* [The problem]
Output exactly the lines of the listing below that run from the line with "本站讯1月19日,中国海洋大" through the line with "Le sous-sol de". No pictures.

* [Given records]

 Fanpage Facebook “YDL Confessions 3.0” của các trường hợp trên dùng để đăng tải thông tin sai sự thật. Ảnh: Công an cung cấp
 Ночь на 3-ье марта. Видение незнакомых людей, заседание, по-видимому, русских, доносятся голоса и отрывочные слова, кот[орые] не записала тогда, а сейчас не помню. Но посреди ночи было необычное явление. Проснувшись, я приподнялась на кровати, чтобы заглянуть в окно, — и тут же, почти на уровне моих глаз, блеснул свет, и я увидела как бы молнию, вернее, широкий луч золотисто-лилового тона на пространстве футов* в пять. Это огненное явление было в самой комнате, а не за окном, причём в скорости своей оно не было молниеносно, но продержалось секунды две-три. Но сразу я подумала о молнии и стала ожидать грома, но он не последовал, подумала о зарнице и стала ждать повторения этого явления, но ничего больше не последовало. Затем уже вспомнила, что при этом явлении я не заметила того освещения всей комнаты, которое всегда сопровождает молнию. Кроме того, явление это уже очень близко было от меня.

==

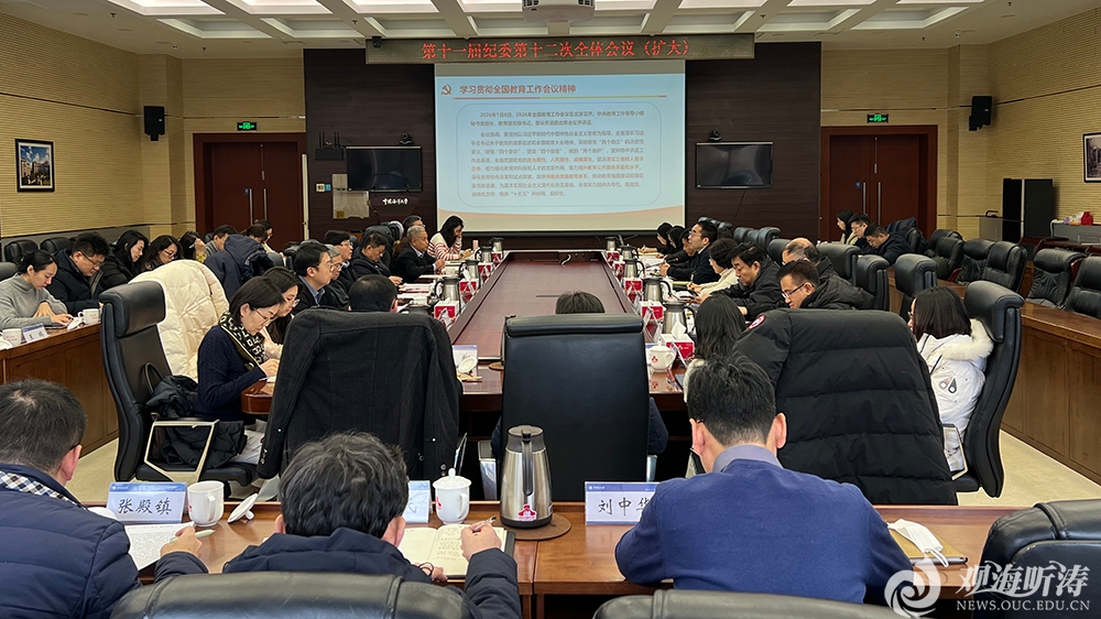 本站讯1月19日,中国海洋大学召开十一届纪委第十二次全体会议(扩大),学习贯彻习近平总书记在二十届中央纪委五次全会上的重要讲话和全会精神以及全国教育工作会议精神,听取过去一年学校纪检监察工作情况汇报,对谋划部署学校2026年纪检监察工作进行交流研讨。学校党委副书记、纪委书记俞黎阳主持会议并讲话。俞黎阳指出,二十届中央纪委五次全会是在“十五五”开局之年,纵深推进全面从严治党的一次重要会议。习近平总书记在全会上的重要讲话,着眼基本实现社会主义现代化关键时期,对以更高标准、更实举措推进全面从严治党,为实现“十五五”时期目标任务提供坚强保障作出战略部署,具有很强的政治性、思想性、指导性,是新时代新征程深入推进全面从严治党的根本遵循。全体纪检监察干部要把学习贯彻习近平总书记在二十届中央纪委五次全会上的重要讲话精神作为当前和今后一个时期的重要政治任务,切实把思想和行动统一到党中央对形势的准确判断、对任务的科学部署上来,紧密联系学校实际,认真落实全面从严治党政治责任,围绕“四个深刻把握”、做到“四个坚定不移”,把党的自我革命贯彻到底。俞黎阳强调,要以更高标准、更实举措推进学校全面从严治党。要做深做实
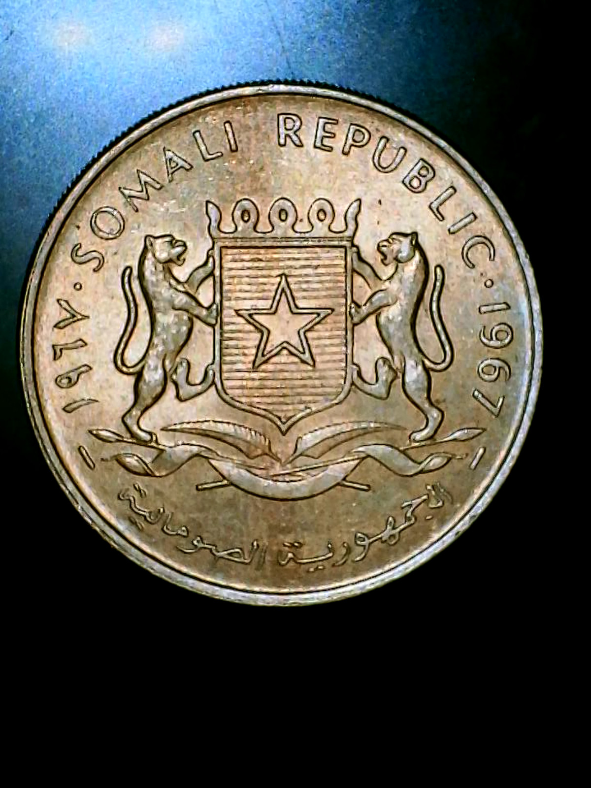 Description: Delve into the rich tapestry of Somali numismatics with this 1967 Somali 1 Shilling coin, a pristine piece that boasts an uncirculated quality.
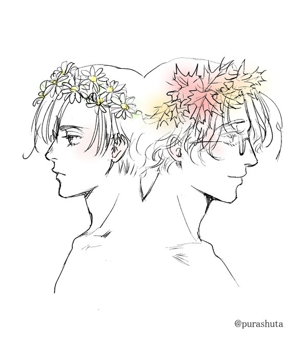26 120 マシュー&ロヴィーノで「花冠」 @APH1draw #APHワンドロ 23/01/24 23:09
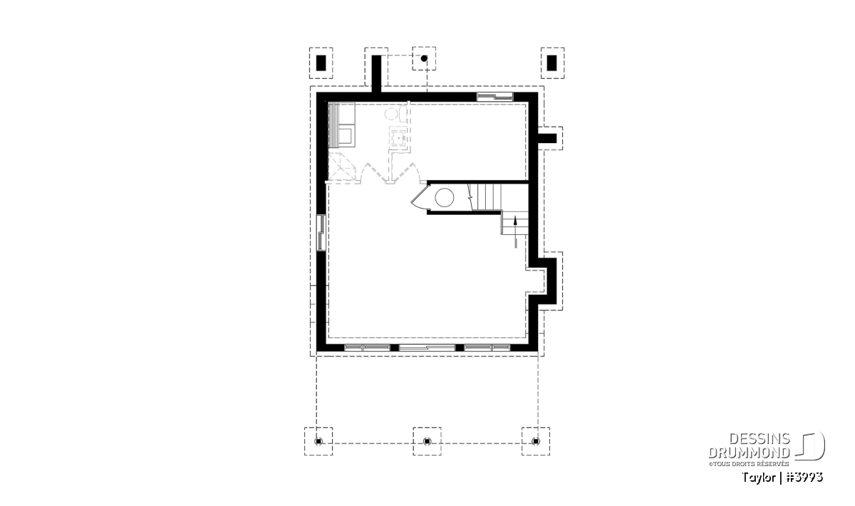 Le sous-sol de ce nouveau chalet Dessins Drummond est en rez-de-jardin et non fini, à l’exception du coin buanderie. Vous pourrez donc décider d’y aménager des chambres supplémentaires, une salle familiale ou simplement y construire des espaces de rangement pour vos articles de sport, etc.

* [Task solution]
 本站讯1月19日,中国海洋大学召开十一届纪委第十二次全体会议(扩大),学习贯彻习近平总书记在二十届中央纪委五次全会上的重要讲话和全会精神以及全国教育工作会议精神,听取过去一年学校纪检监察工作情况汇报,对谋划部署学校2026年纪检监察工作进行交流研讨。学校党委副书记、纪委书记俞黎阳主持会议并讲话。俞黎阳指出,二十届中央纪委五次全会是在“十五五”开局之年,纵深推进全面从严治党的一次重要会议。习近平总书记在全会上的重要讲话,着眼基本实现社会主义现代化关键时期,对以更高标准、更实举措推进全面从严治党,为实现“十五五”时期目标任务提供坚强保障作出战略部署,具有很强的政治性、思想性、指导性,是新时代新征程深入推进全面从严治党的根本遵循。全体纪检监察干部要把学习贯彻习近平总书记在二十届中央纪委五次全会上的重要讲话精神作为当前和今后一个时期的重要政治任务,切实把思想和行动统一到党中央对形势的准确判断、对任务的科学部署上来,紧密联系学校实际,认真落实全面从严治党政治责任,围绕“四个深刻把握”、做到“四个坚定不移”,把党的自我革命贯彻到底。俞黎阳强调,要以更高标准、更实举措推进学校全面从严治党。要做深做实
 Description: Delve into the rich tapestry of Somali numismatics with this 1967 Somali 1 Shilling coin, a pristine piece that boasts an uncirculated quality.
26 120 マシュー&ロヴィーノで「花冠」 @APH1draw #APHワンドロ 23/01/24 23:09
 Le sous-sol de ce nouveau chalet Dessins Drummond est en rez-de-jardin et non fini, à l’exception du coin buanderie. Vous pourrez donc décider d’y aménager des chambres supplémentaires, une salle familiale ou simplement y construire des espaces de rangement pour vos articles de sport, etc.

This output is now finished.